## What the task asks
Could you please retype the records exactly, minus their pictures?

## The input
= = = = =
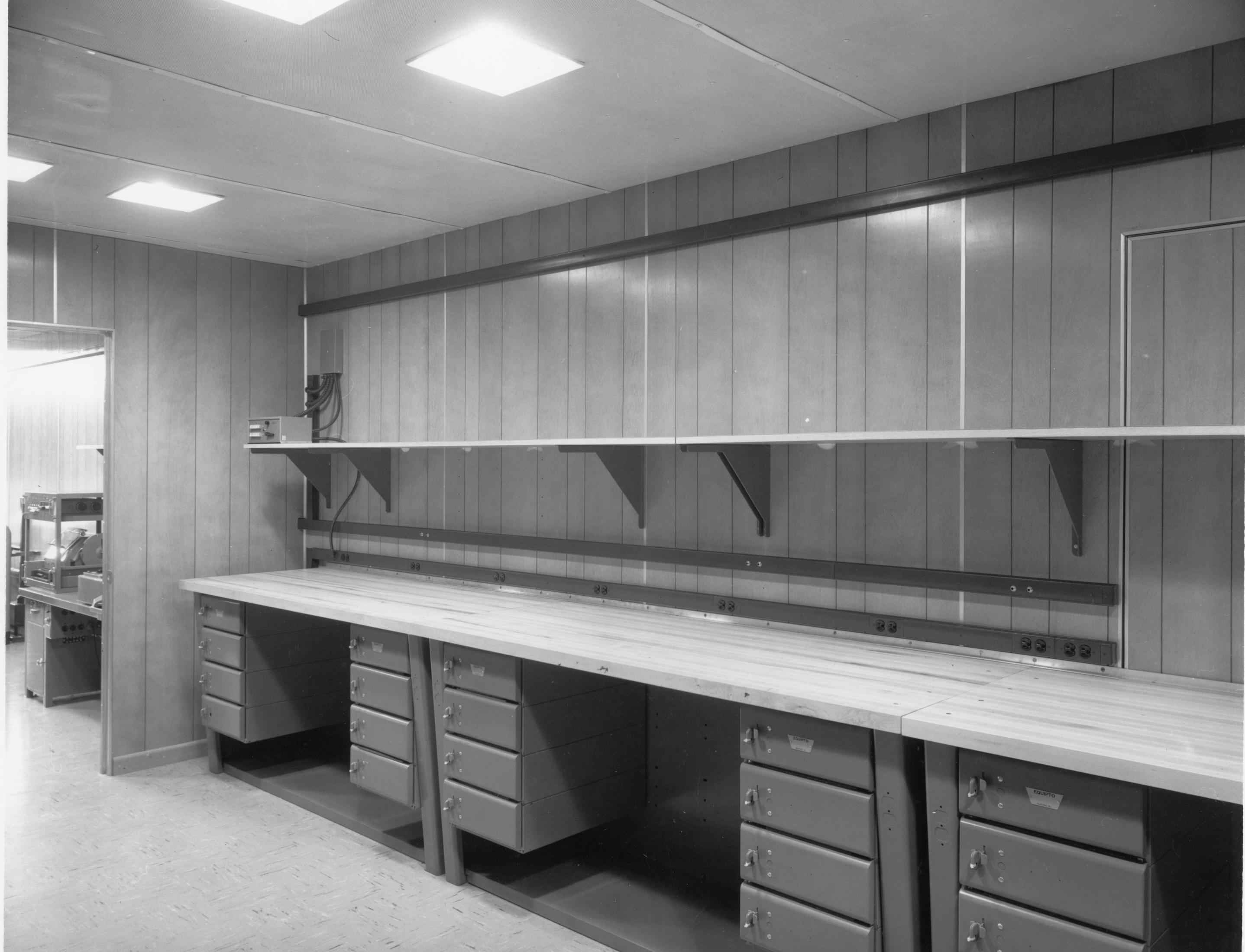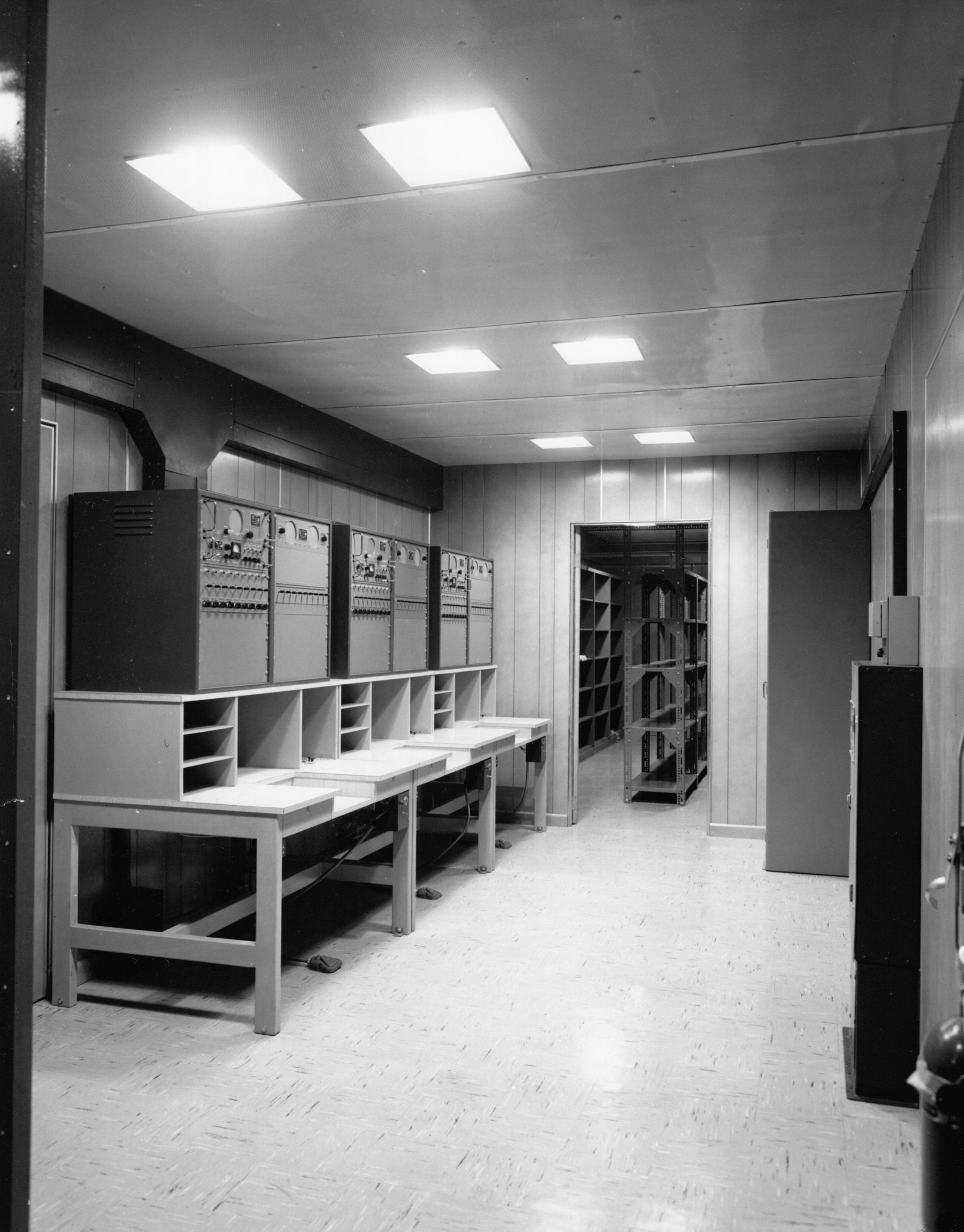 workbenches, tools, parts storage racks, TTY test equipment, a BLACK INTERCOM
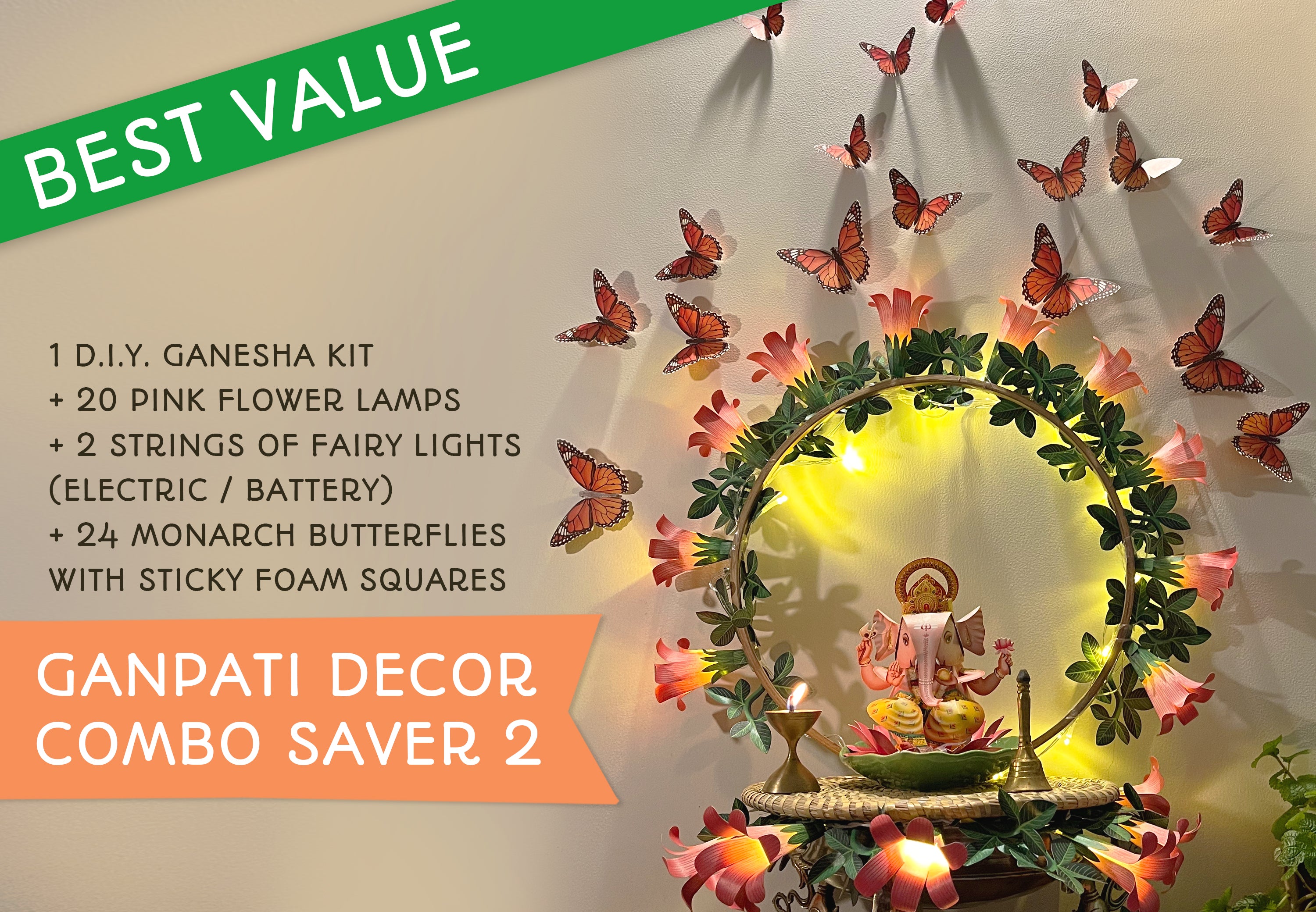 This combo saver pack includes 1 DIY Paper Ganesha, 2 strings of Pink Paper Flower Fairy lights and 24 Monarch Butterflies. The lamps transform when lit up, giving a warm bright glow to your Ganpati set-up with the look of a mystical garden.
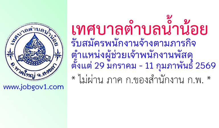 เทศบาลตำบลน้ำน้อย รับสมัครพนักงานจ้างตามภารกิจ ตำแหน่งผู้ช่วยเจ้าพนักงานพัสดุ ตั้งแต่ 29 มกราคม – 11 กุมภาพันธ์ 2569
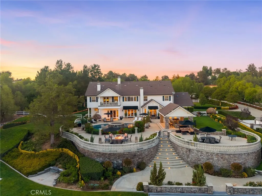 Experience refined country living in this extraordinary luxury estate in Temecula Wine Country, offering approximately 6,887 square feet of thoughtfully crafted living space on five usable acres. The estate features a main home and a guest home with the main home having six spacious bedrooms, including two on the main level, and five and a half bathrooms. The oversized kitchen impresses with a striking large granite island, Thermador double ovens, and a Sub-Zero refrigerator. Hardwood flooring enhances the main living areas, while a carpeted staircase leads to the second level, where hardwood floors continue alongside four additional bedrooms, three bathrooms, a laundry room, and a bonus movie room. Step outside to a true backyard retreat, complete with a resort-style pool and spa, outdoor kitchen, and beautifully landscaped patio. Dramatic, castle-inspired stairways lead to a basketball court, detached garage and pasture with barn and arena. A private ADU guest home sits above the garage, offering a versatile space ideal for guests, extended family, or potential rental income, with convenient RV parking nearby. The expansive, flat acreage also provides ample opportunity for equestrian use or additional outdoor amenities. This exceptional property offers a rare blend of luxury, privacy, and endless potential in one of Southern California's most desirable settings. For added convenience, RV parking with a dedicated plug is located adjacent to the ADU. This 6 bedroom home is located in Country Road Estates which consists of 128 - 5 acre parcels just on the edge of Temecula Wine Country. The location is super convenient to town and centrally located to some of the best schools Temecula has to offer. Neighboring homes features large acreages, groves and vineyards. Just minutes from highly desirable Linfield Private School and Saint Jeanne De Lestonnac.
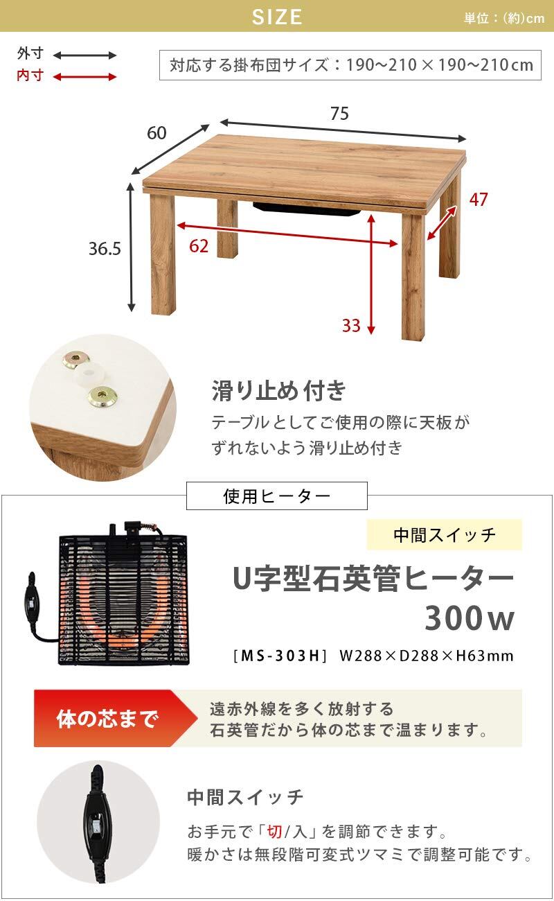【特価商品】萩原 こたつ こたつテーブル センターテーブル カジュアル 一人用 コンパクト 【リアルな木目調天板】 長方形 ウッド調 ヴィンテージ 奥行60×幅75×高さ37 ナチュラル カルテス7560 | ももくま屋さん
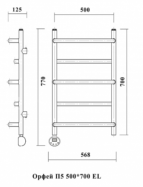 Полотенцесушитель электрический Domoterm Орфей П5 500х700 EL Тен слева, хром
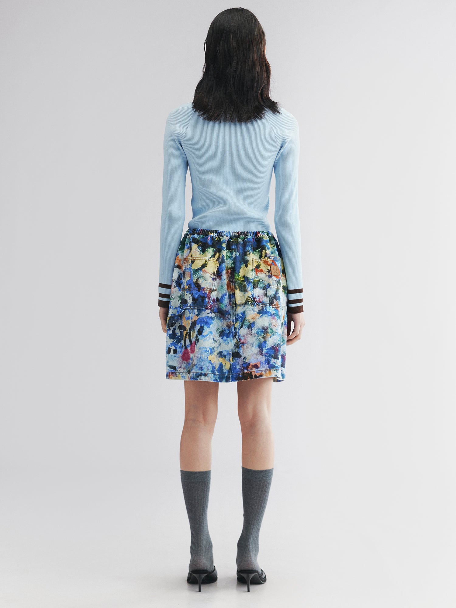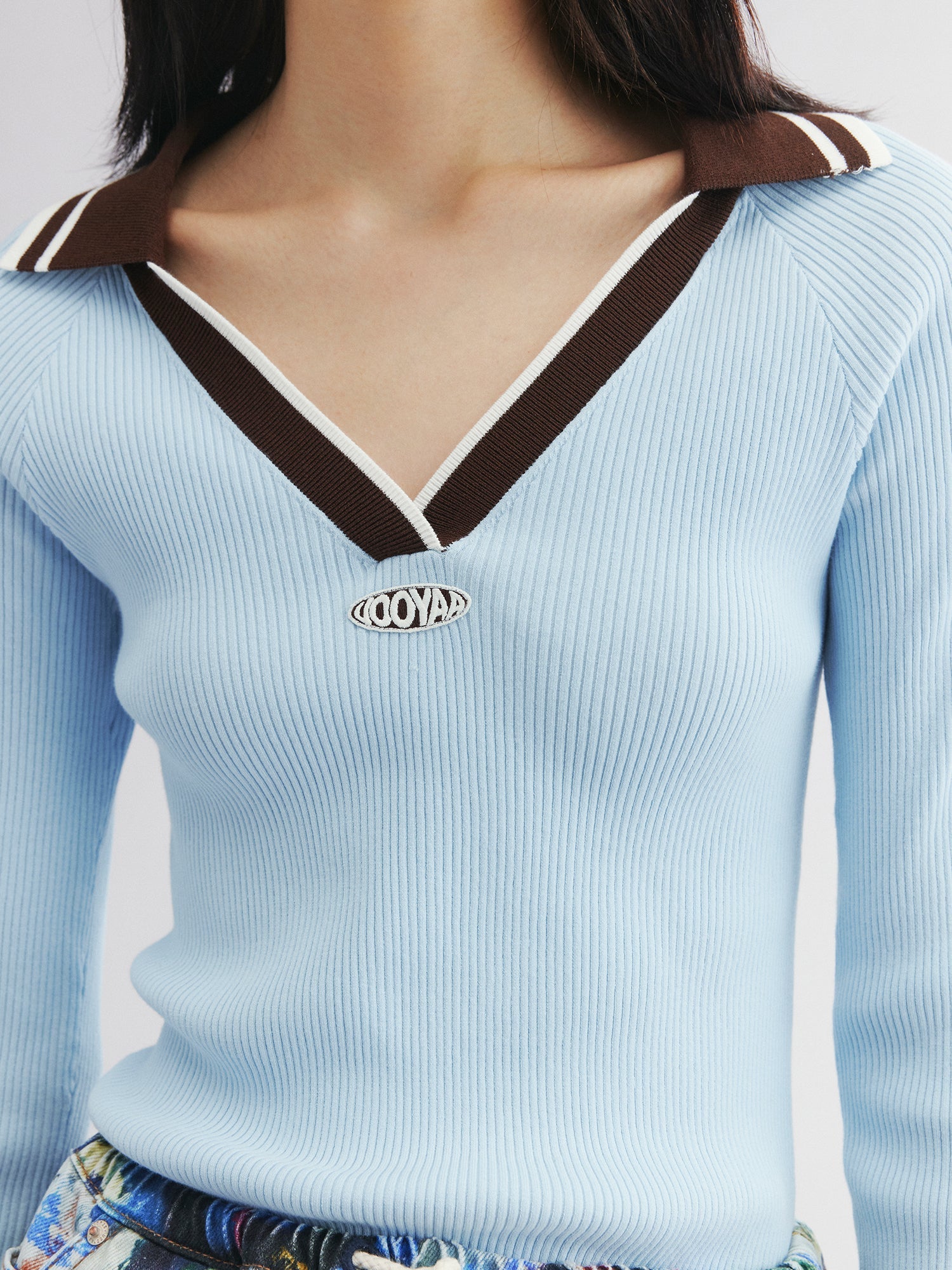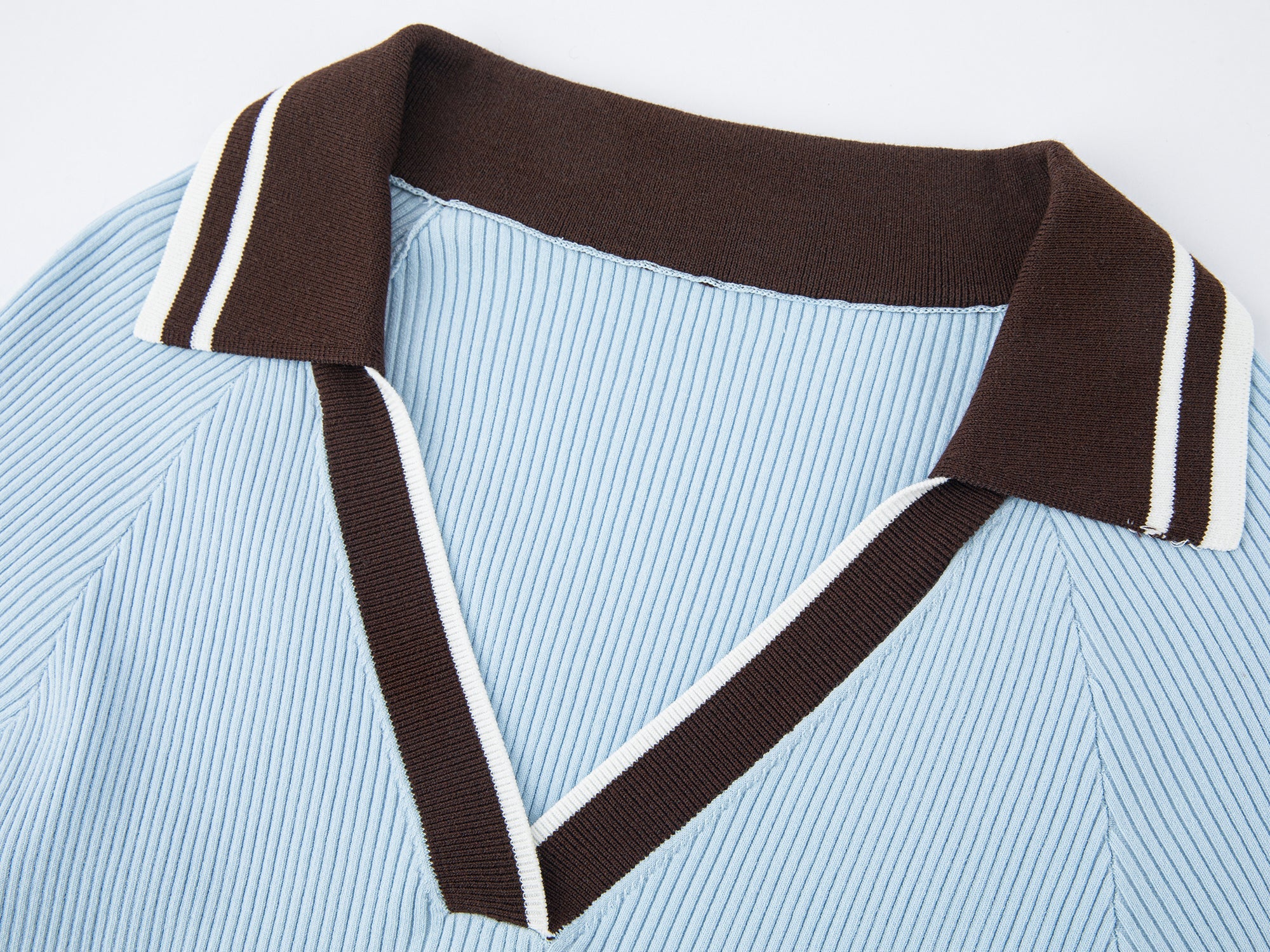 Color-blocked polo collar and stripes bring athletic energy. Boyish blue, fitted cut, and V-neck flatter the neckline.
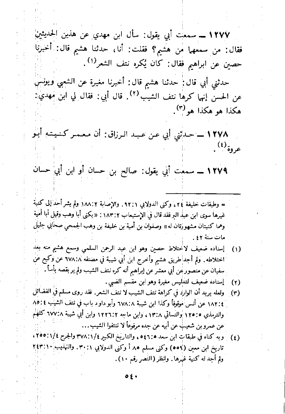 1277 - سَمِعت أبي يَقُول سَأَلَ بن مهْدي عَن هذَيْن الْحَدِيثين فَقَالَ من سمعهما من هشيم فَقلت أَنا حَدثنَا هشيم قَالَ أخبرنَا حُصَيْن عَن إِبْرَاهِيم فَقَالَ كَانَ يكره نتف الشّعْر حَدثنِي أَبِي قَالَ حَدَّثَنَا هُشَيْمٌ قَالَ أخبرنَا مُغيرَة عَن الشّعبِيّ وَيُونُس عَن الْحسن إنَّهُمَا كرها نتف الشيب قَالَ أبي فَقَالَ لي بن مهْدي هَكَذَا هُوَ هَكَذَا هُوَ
= = = = =
## Answer for the task
 workbenches, tools, parts storage racks, TTY test equipment, a BLACK INTERCOM
 This combo saver pack includes 1 DIY Paper Ganesha, 2 strings of Pink Paper Flower Fairy lights and 24 Monarch Butterflies. The lamps transform when lit up, giving a warm bright glow to your Ganpati set-up with the look of a mystical garden.
 เทศบาลตำบลน้ำน้อย รับสมัครพนักงานจ้างตามภารกิจ ตำแหน่งผู้ช่วยเจ้าพนักงานพัสดุ ตั้งแต่ 29 มกราคม – 11 กุมภาพันธ์ 2569
 Experience refined country living in this extraordinary luxury estate in Temecula Wine Country, offering approximately 6,887 square feet of thoughtfully crafted living space on five usable acres. The estate features a main home and a guest home with the main home having six spacious bedrooms, including two on the main level, and five and a half bathrooms. The oversized kitchen impresses with a striking large granite island, Thermador double ovens, and a Sub-Zero refrigerator. Hardwood flooring enhances the main living areas, while a carpeted staircase leads to the second level, where hardwood floors continue alongside four additional bedrooms, three bathrooms, a laundry room, and a bonus movie room. Step outside to a true backyard retreat, complete with a resort-style pool and spa, outdoor kitchen, and beautifully landscaped patio. Dramatic, castle-inspired stairways lead to a basketball court, detached garage and pasture with barn and arena. A private ADU guest home sits above the garage, offering a versatile space ideal for guests, extended family, or potential rental income, with convenient RV parking nearby. The expansive, flat acreage also provides ample opportunity for equestrian use or additional outdoor amenities. This exceptional property offers a rare blend of luxury, privacy, and endless potential in one of Southern California's most desirable settings. For added convenience, RV parking with a dedicated plug is located adjacent to the ADU. This 6 bedroom home is located in Country Road Estates which consists of 128 - 5 acre parcels just on the edge of Temecula Wine Country. The location is super convenient to town and centrally located to some of the best schools Temecula has to offer. Neighboring homes features large acreages, groves and vineyards. Just minutes from highly desirable Linfield Private School and Saint Jeanne De Lestonnac.
【特価商品】萩原 こたつ こたつテーブル センターテーブル カジュアル 一人用 コンパクト 【リアルな木目調天板】 長方形 ウッド調 ヴィンテージ 奥行60×幅75×高さ37 ナチュラル カルテス7560 | ももくま屋さん
 Полотенцесушитель электрический Domoterm Орфей П5 500х700 EL Тен слева, хром
 Color-blocked polo collar and stripes bring athletic energy. Boyish blue, fitted cut, and V-neck flatter the neckline.
 1277 - سَمِعت أبي يَقُول سَأَلَ بن مهْدي عَن هذَيْن الْحَدِيثين فَقَالَ من سمعهما من هشيم فَقلت أَنا حَدثنَا هشيم قَالَ أخبرنَا حُصَيْن عَن إِبْرَاهِيم فَقَالَ كَانَ يكره نتف الشّعْر حَدثنِي أَبِي قَالَ حَدَّثَنَا هُشَيْمٌ قَالَ أخبرنَا مُغيرَة عَن الشّعبِيّ وَيُونُس عَن الْحسن إنَّهُمَا كرها نتف الشيب قَالَ أبي فَقَالَ لي بن مهْدي هَكَذَا هُوَ هَكَذَا هُوَ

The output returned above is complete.